+++ Record extracts
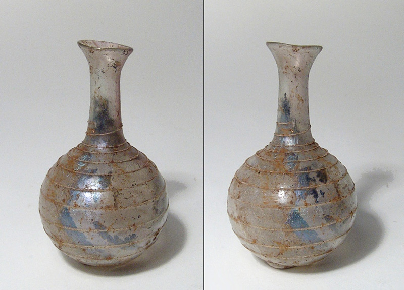 Purple Roman Glass Bottle. A pale purple Roman glass bottle with spiral threading, Eastern Mediterranean, 1st Century AD, the body round and neck thin and delicate, the mouth lightly flared. Around the body is a trailing of white glass over the light purple body. H: 2 ¾” (7 cm). Intact. Cf. Yale, p. 27, no. 74. Ex Los Angeles private collection. Value Range: $500 - $600.
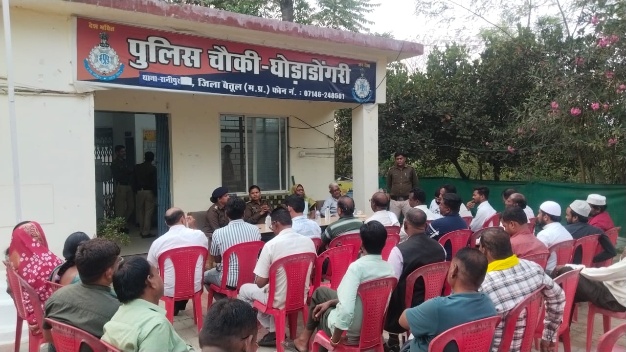 घोड़ाडोंगरी पुलिस चौकी घोड़ाडोंगरी में होली त्यौहार को लेकर शांति समिति की बैठक आयोजित की गई । बैठक में होली त्यौहार के माहौल को लेकर नगर वासियों से पुलिस चौकी प्रभारी आम्रपाली डहाड़ ने चर्चा की ।
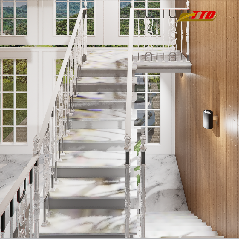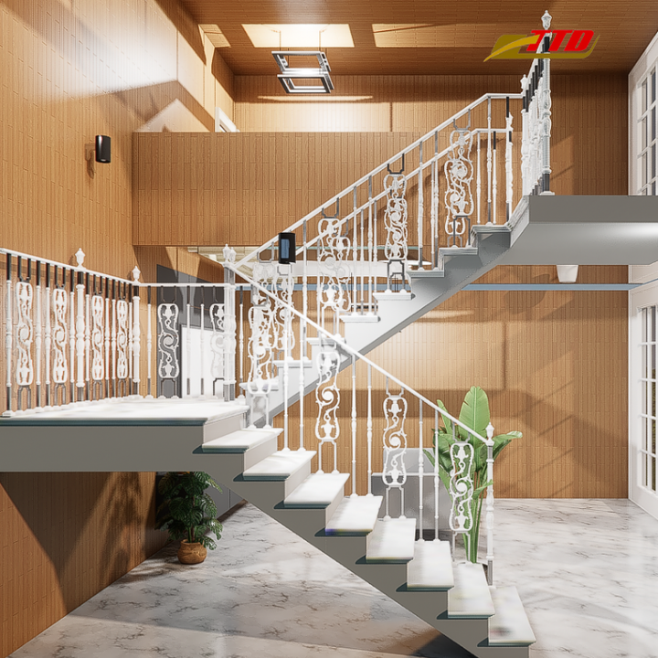 ราวบันไดเหล็กดัดอลูมิเนียมอัลลอยด์สุดหรู ดีไซน์ทันสมัย รายละเอียดงานฝีมือ โครงสร้างแข็งแรงเพื่อความปลอดภัย ดูหรูหรา
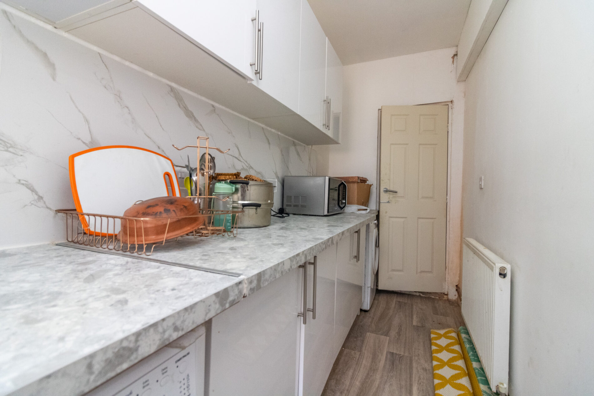 Radiator, UPVC sealed double glazed window, over stairs cupboard
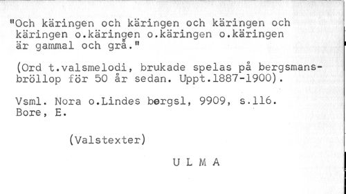 //// "Och käringen och käringen och käringen och käringen o.kärincjen o.käringen o.käringen är gammal och gra." 1 //// (Ord t.valsmelodi, brukade spelas på bergsmansbröllop för 50 år sedan. Uppt.1887-1900). //// Vsml. Nora o.Lindes bergsl, 9909, s.116. Bore, E. //// (Valstexter) //// U L M A ////
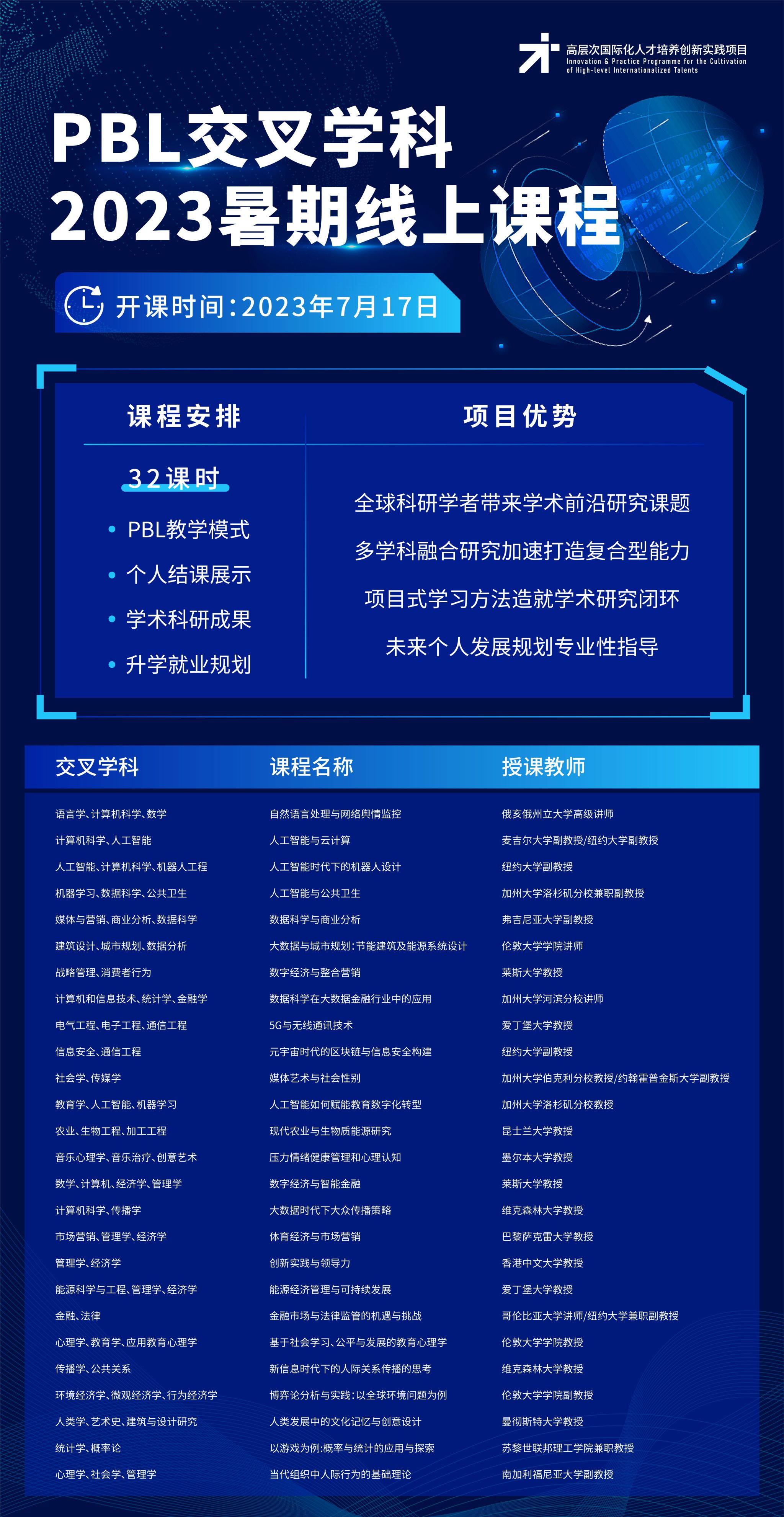 为深入贯彻落实党的二十大精神,有效提升学生会语言、通国家、精领域的专业科研能力以及全球治理能力,为我国参与全球治理和构建人类命运共同体提供人才支撑,现面向全校本科生、研究生推出“高层次国际化人才培养创新实践项目——2023年暑假PBL交叉学科线上课程”,欢迎各位同学踊跃报名。
++++++
- _Problem statement_: Leaving all pictures aside, print exactly the lines from the one that contains "รายละเอียดงานฝีมือ โครงสร้างแข็งแรงเพื่อความปลอดภัย ดูหรูหรา" through the last line of the data above, inclusive.

- _Your response_:
 ราวบันไดเหล็กดัดอลูมิเนียมอัลลอยด์สุดหรู ดีไซน์ทันสมัย รายละเอียดงานฝีมือ โครงสร้างแข็งแรงเพื่อความปลอดภัย ดูหรูหรา
 Radiator, UPVC sealed double glazed window, over stairs cupboard
 //// "Och käringen och käringen och käringen och käringen o.kärincjen o.käringen o.käringen är gammal och gra." 1 //// (Ord t.valsmelodi, brukade spelas på bergsmansbröllop för 50 år sedan. Uppt.1887-1900). //// Vsml. Nora o.Lindes bergsl, 9909, s.116. Bore, E. //// (Valstexter) //// U L M A ////
 为深入贯彻落实党的二十大精神,有效提升学生会语言、通国家、精领域的专业科研能力以及全球治理能力,为我国参与全球治理和构建人类命运共同体提供人才支撑,现面向全校本科生、研究生推出“高层次国际化人才培养创新实践项目——2023年暑假PBL交叉学科线上课程”,欢迎各位同学踊跃报名。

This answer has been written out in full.